The answer shall be filed and served in accordance with WAC 391-08-120. Except for good cause shown, if the respondent fails to file a timely answer or to file an answer that specifically denies or explains facts alleged in the complaint, the respondent will be deemed to have admitted and waived its right to a hearing on those facts. WAC 391‑45‑210.

3.                  The allegation of the complaint concerning unilateral change regarding the union having access to the premises is DISMISSED for failure to state a cause of action.

ISSUED at Olympia, Washington, this  9th  day of September, 2021.

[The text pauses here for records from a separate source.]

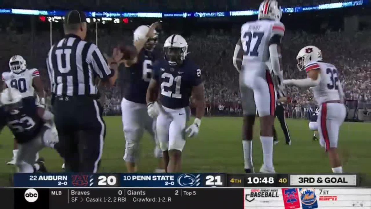 Auburn Tigers at Penn State Nittany Lions. Will be interesting to see what adjustments Auburn makes in 2Q. 1012 Penn State welcomes No.
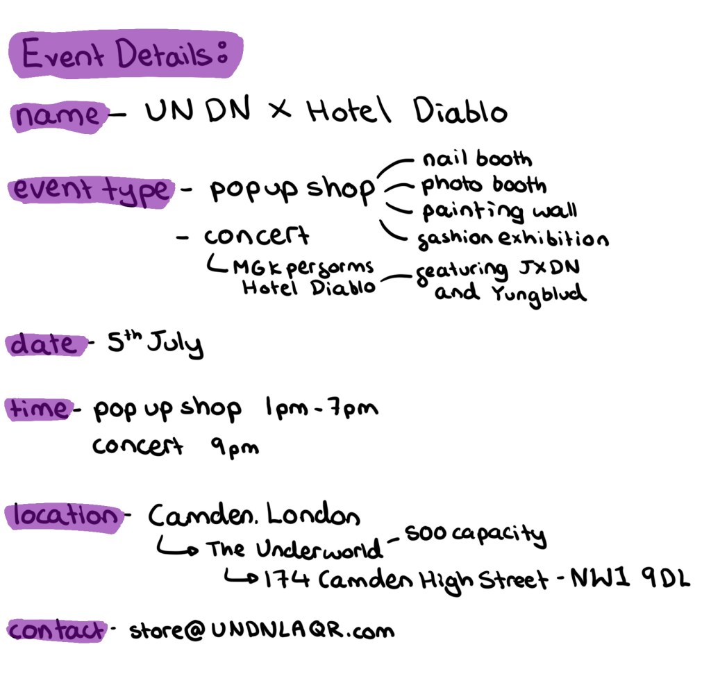 Event Details: These are the finalised details for my event combining UN DN LAQR and Hotel Diablo. I have chosen the event to be a pop up shop with a concert after. UN DN have done pop up event before so I have a basis to work from. At this event I’ll have a range of activities including a nail salon, photo booth, painting wall and fashion exhibition. After the pop up shop there will be a concert where MGK performs Hotel Diablo with some guests who link to the album and brand. I’ve chosen Camden, London as the location and will have it on the 5th July as it’ll be the 5 year anniversary of the album.
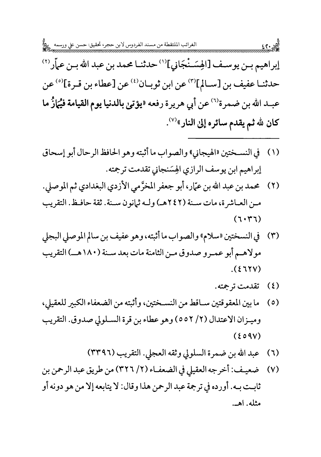 إبراهيم بن يوسف [الهِسَنْجَاني] (¬١) (حدثنا محمد بن عبد اللَّه بن عمّار (¬٢) حدثنا عفيف بن [سالم] (¬٣) عن ابن ثوبان (¬٤) عن [عطاء بن قرة] (¬٥) عن عبد اللَّه بن ضمرة (¬٦) عن أبي هريرة رفعه "يؤتى بالدنيا يوم القيامه فيُمَازُ ما كان للَّه ثم يقدم سائره إلى النار" (¬٧).
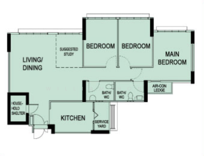 Note: Original layout of the unit has been re-configured to one huge masterbedroom with 2 study rooms.
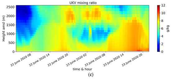 The UKV is the Met Office’s high-resolution non-hydrostatic convection-resolving numerical weather predication (NWP) model [21]. It has a 1.5 km horizontal grid-spacing and 70 vertical levels, with a vertical resolution of 20 m close to the ground, increasing to 200 m at 3 km altitude. Operationally it is run at one-hour intervals. The UKV employs 4D-Var data assimilation [22] over a one-hour time window, with a 10 min time step within this time window. In the example shown in Figure 11 the UKV and BB-DIAL agree quite well, but with the UKV mixing ratio being slightly larger compared to the BB-DIAL. On the day illustrated (24 June 2020), several radiosondes were launched (Figure 12) which confirm that the UKV mixing ratio is an over estimation, particularly after 16:00. The BB-DIAL is in closer agreement with the radiosonde than with the UKV.
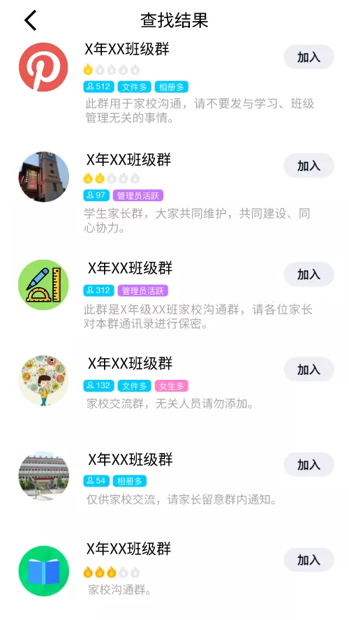 在QQ內(nèi)搜索“班級(jí)群”、“年級(jí)群”等關(guān)鍵字,即可檢索出大量的班級(jí)群聊。

PUBLIC EMPLOYMENT RELATIONS COMMISSION

Emily K. Whitney, Unfair Labor Practice Administrator

Paragraph 3 of this order will be the final order of the agency on any defective allegations, unless a notice of appeal is filed with the Commission under WAC 391-45-350.



[1]             At this stage of the proceedings, all of the facts alleged in the complaint or amended complaint are assumed to be true and provable. The question at hand is whether, as a matter of law, the complaint states a claim for relief available through unfair labor practice proceedings before the Public Employment Relations Commission.